Zeb Tortorici is Assistant Professor in the department of Spanish and Portuguese Languages and Literatures at New York University. His work focuses on sexuality in colonial Latin America, human-animal relationships, and historical archives. He recently co-edited Centering Animals in Latin American History and two issues of Radical History Review on the topic of “Queering Archives.”
LOCATION
Sala 23, DETUCH
DESCRIPTION
This work group will consider the potential of performing historical impossibilities. We look to contemporary and historical performers and to social actors who embrace crackpot, illicit and discredited methodologies in and of history in order to “werk” the past. What are the affective and political possibilities in creating what could never have happened and making it a fictive reality? This “werk” group follows performer and choreographer Trajal Harrell’s revision of Yvonne Rainer’s “No Manifesto” to engage the potential of the “maybe” and the “what if.” We will debate how those allowances are necessary to expose the power/truth regime in relation to legitimated methods of historicity.

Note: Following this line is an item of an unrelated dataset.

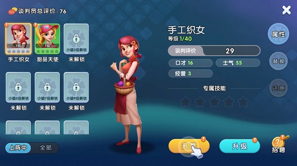 在主线任务里,若想要丰富家园内容则需要通过谈判来改变土地使用性质。这时候就需要用到谈判技巧,通过升星提升小帮手的等级,增加谈判的成功率。

How does performance become a privileged site to admit encuentros—meetings of bodies, times and places, separated in and by history?
This ‘werk” group will present performance scholarship and artistic practices that provide a stage for historical impossibilities as the capacious ground for political transformation in the present. With all due respect to Brecht and Boal—and following Harrell’s lead—it might mean saying ‘maybe’ to more illegitimate methods and practices of history and aesthetics: saying “maybe to spectacle, maybe to transformations and magic and make-believe, maybe to the glamour and the transcendency of the star image, maybe to the heroic, maybe to involvement of performer or spectator, maybe to style, maybe to trash imagery, maybe to camp, maybe to seduction of the spectator by the wiles of the performer, and maybe to moving or be moved.”